Your answer should hold exactly the lines below from the line with "Motivation Particle interaction" through the line with "Завтра, 16 листопада, о", both included, and no pictures at all.

[Start of section]

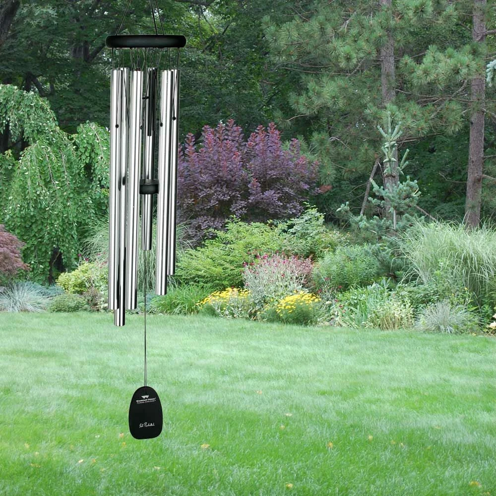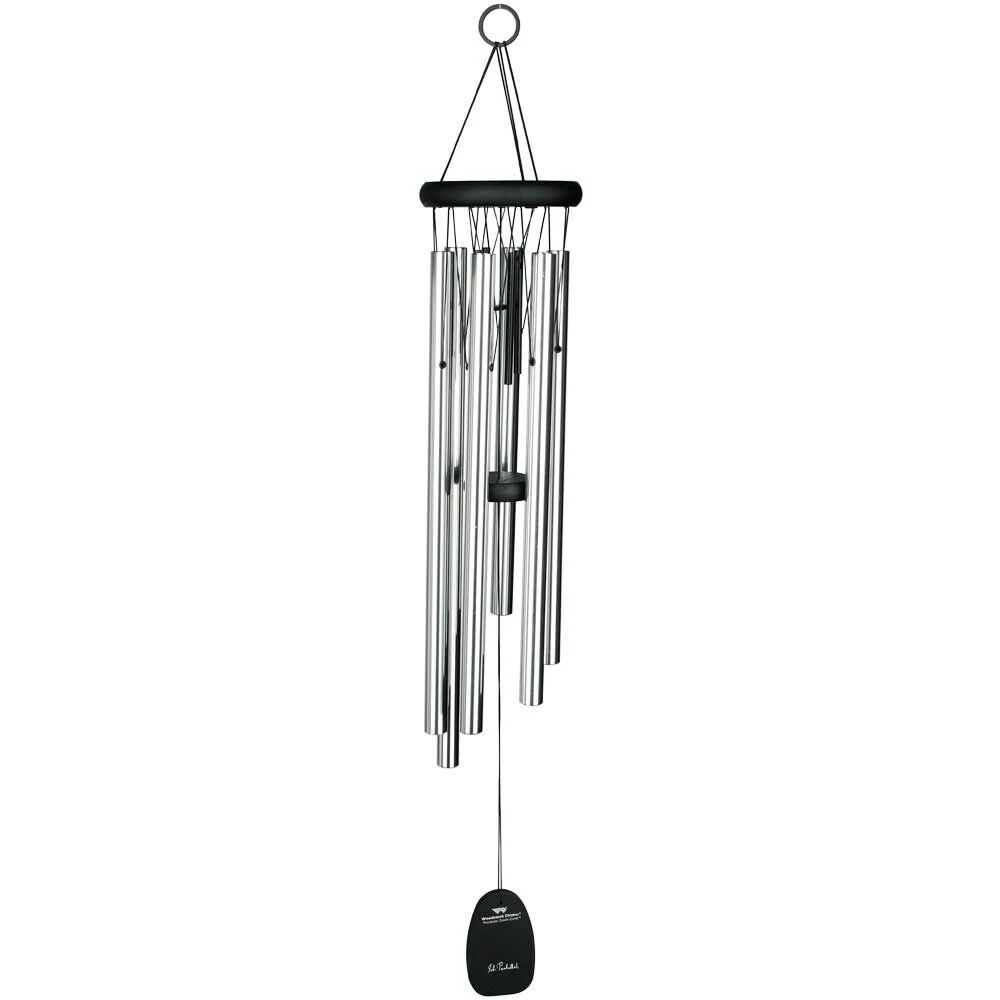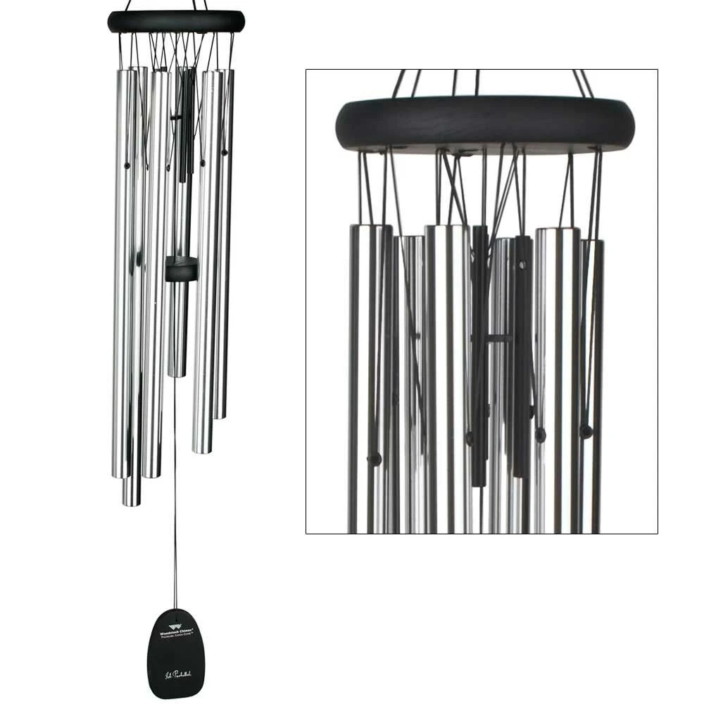 Das Klang Windspiel ‚Pachelbel Canon Chime‘ erinnert an die sanfte, sich wiederholende Melodie des berühmten Kanons von Johann Pachelbel. Die Besonderheit bei diesem Klangspiel liegt dabei in den vier kleinen schwarzen Klangstäben im oberen Drittel, die die unterschiedlichen Tonlagen des Kanons abrunden. Weiterhin besteht das Klangspiel aus schwarzem Eschenholz und 6 silbernen Metall-Röhren. Berühmte Komponisten aus der ganzen Welt inspirieren schon seit über 3 Jahrzehnten die Klangspiele von Woodstock. So erklingen Melodien die bereits schon Millionen von Menschen bezaubert und inspiriert haben.
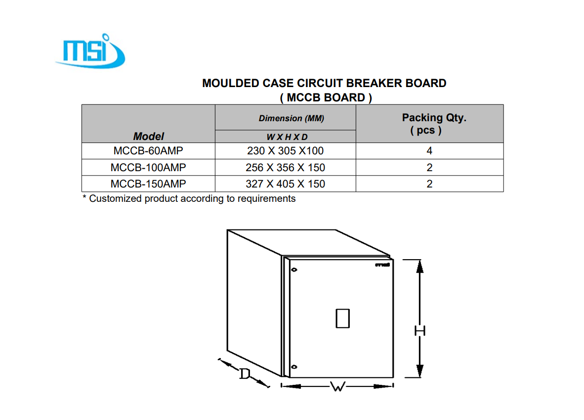 • Product Dimensions (L*W*H): Dimension (MM) Model W X H X D MCCB-60AMP = 230 X 305 X100 MCCB-100AMP = 256 X 356 X 150 MCCB-150AMP = 327 X 405 X 150
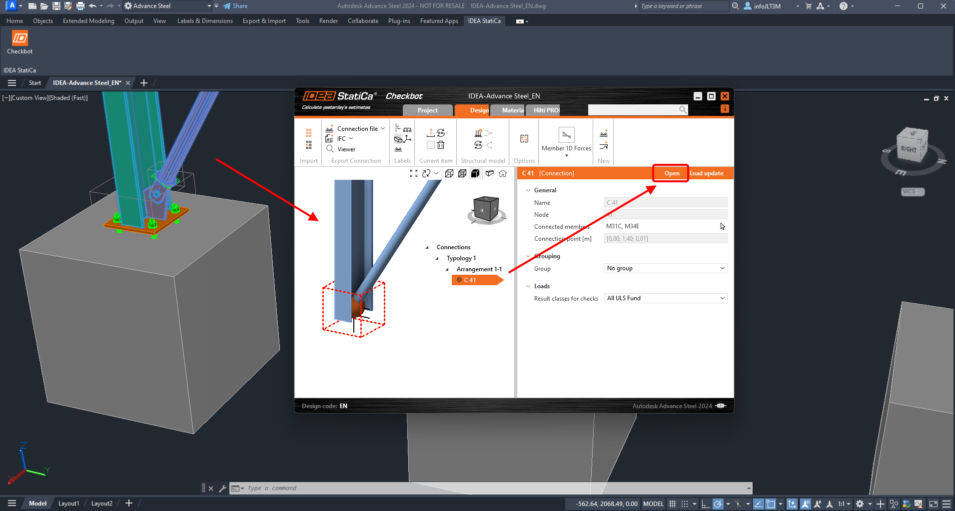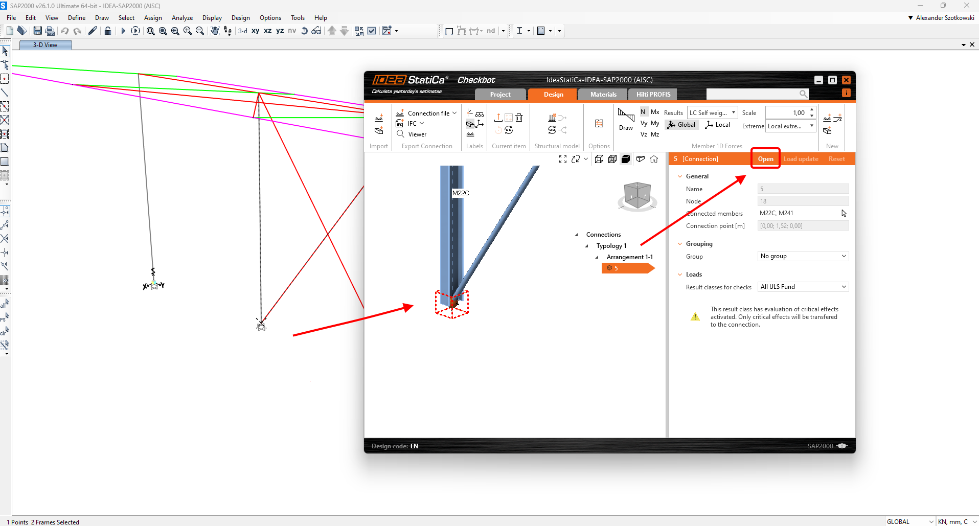 • Select the node you want to design and open it in Connection. This creates a new file in the subfolder "IdeaStatiCa-name_of_FEA_file/Connections/conn-node.ideaCon".
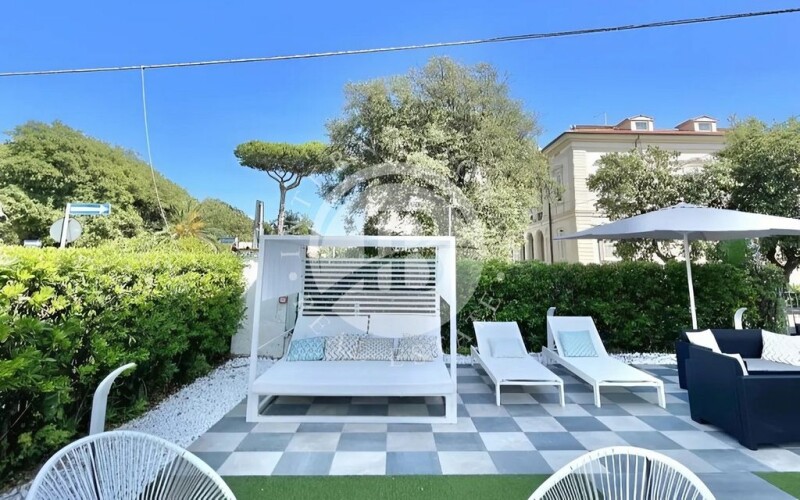 This elegant Liberty-style villa, dating back to the late 19th century and carefully restored, is situated in a prime location on the Riviera Apuana-Versilia, between Forte dei Marmi and the Cinque Terre. Overlooking the sea, it spans four levels with a total area of 1,600 sqm and features 31 spacious and bright rooms, finished with high-quality materials and refined details. The property is surrounded by a 468 sqm garden and boasts a panoramic terrace offering breathtaking views of the coastline, from the islands of the Tuscan Archipelago to Portovenere. Just 50 meters from the beach, the villa enjoys excellent connections along the coast, with a scenic cycling path leading to Forte dei Marmi and a seaside promenade stretching to Viareggio. The nearby pier offers a stunning walk over the water with views of the Apuan Alps and serves as a departure point for boat excursions to the Cinque Terre, Capraia, and other enchanting Ligurian destinations. The interiors combine elegance with modern comfort, featuring a sophisticated blend of materials such as marble, wood, and stone, preserving the historic charm of the residence. On the top floor, a 50 sqm penthouse apartment with a private terrace provides a 360° view of the sea and mountains. This stretch of coastline is truly unique: natural rock formations extending into the sea create a gently sloping seabed, making it ideal for families with children while also protecting the beach from erosion. The Liberty-style architecture, prestigious location, and exclusive setting make this villa a one-of-a-kind property—an exceptional investment opportunity in one of Tuscany’s most captivating areas. . The location is perfectly situated for easy access to various captivating destinations. Forte dei Marmi is just 10 minutes away, Viareggio is 20 minutes, and the marble quarries of the Apuan Alps are only 15 minutes away. The Cinque Terre can be reached in about 30 minutes. In a day, you can visit Lucca, Pisa, Florence, and Genoa, all within a short drive. Pisa International Airport is approximately 45 minutes away. 50 meters from the sea 6 km from Forte dei Marmi 48 km from Lucca 120 km from Florence 120 km from Genoa International Airport.
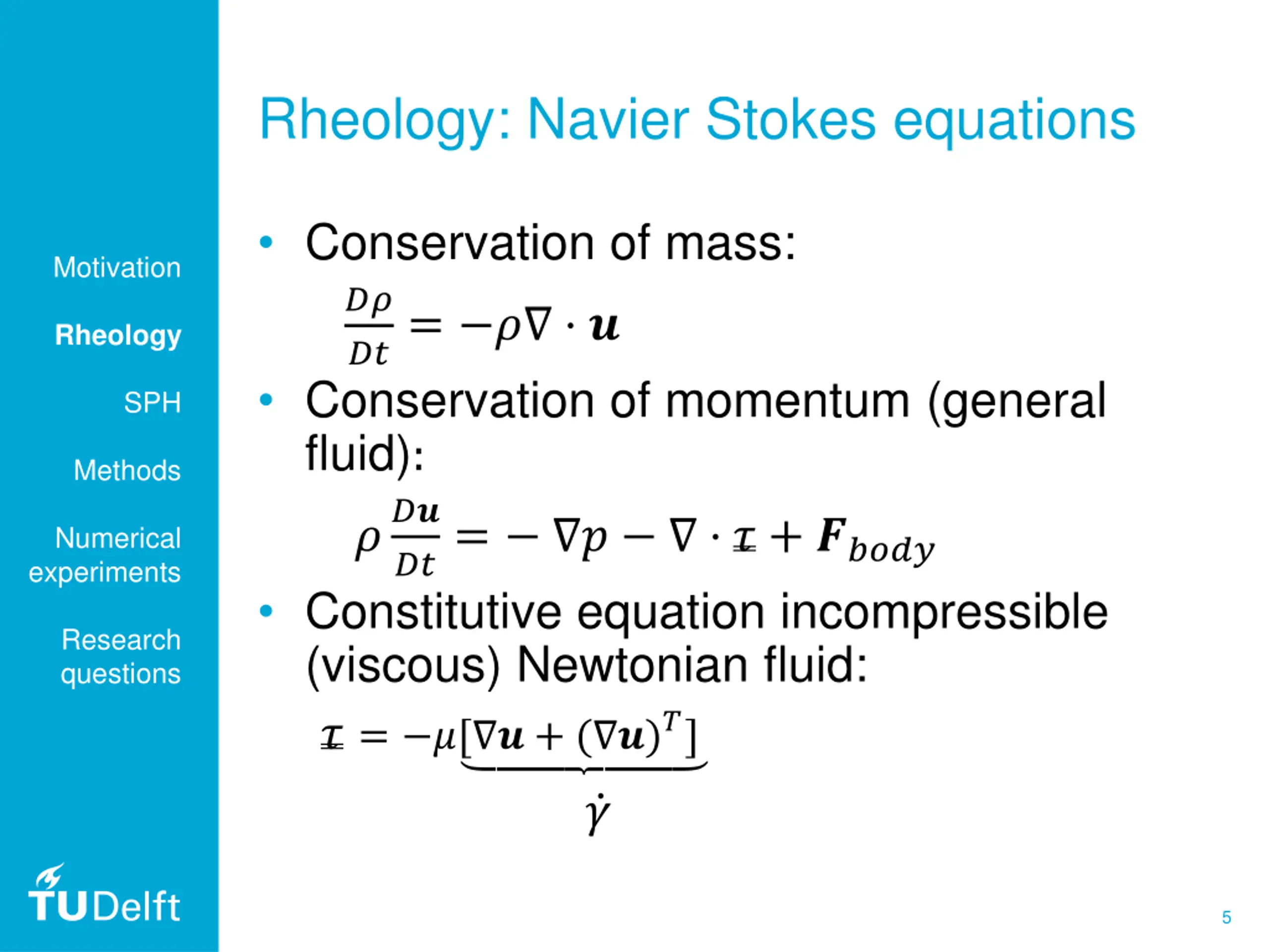 Motivation Particle interaction forces (PIF) Smoothed Particle Hydrodynamics (SPH) Large deformations Complex (free) surfaces Multi-phases PIF also affects the surface tension Main research question: How can particle interaction forces be used to tune the fluid rheology and surface tension independently? Motivation Rheology SPH Methods Numerical experiments Research questions 4
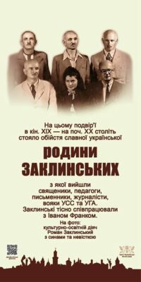 Завтра, 16 листопада, о 10:00 на фасаді загальноосвітньої школи №13, розташованої на вул. Галицька, 71, відбудеться відкриття пам`ятної анотаційної дошки на честь української родини Заклинських.
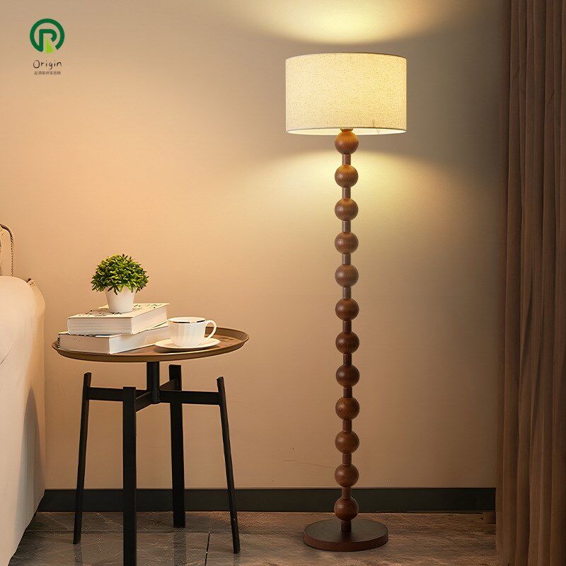 中式台灯落地灯胡桃木纹色侘y寂风客厅美式复古卧室高级感氛围灯
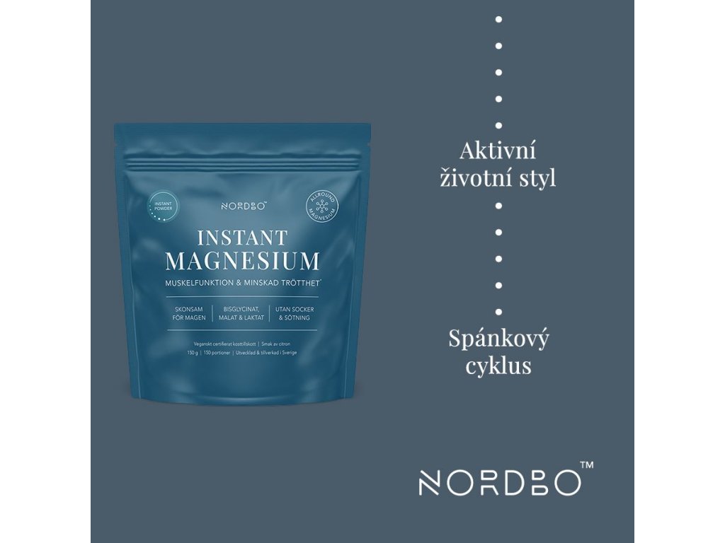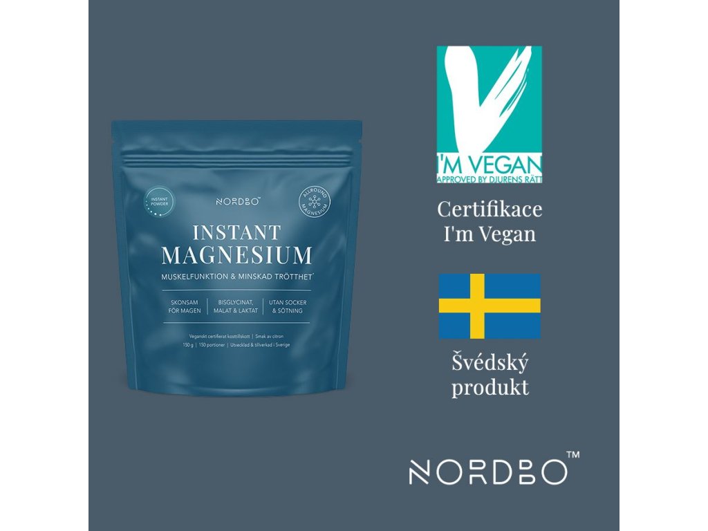 Nordbo Instant Magnesium obsahuje tři organické (chelátová vazba), biologicky vysoce dostupné formy hořčíku. Bysglicinát hořečnatý obsahuje hořčík vázaný na aminokyselinu glycin, jablečnan hořečnatý (malát) obsahuje hořčík vázaný na kyselinu jablečnou a laktát hořečnatý obsahuje hořčík s laktátem. Všechny tři nosiče hořčíku jsou organické a pro tělo velmi důležité: glycin pro celkovou regeneraci, malát pro tvorbu buněčné energie a laktát pro normální činnost srdce.

[End of section]

▶ [ANSWER TO THIS PROBLEM]
 Motivation Particle interaction forces (PIF) Smoothed Particle Hydrodynamics (SPH) Large deformations Complex (free) surfaces Multi-phases PIF also affects the surface tension Main research question: How can particle interaction forces be used to tune the fluid rheology and surface tension independently? Motivation Rheology SPH Methods Numerical experiments Research questions 4
 Завтра, 16 листопада, о 10:00 на фасаді загальноосвітньої школи №13, розташованої на вул. Галицька, 71, відбудеться відкриття пам`ятної анотаційної дошки на честь української родини Заклинських.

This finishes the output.